• RECORDED DATA:
+++++
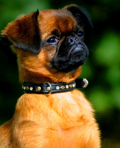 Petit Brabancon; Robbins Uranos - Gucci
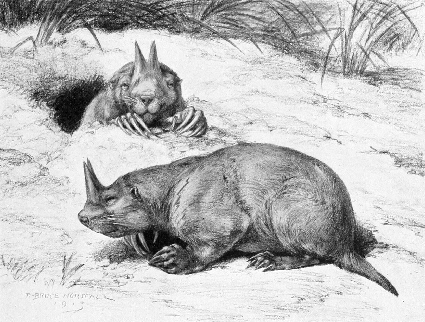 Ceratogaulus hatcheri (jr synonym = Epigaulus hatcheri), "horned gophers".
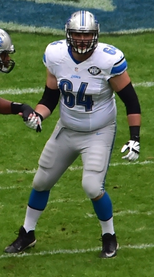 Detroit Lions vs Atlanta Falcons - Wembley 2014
+++++
• ASSIGNMENT:
Skip the images and write out the rest of the listing exactly.

• WRITTEN REPLY:
 Petit Brabancon; Robbins Uranos - Gucci
 Ceratogaulus hatcheri (jr synonym = Epigaulus hatcheri), "horned gophers".
 Detroit Lions vs Atlanta Falcons - Wembley 2014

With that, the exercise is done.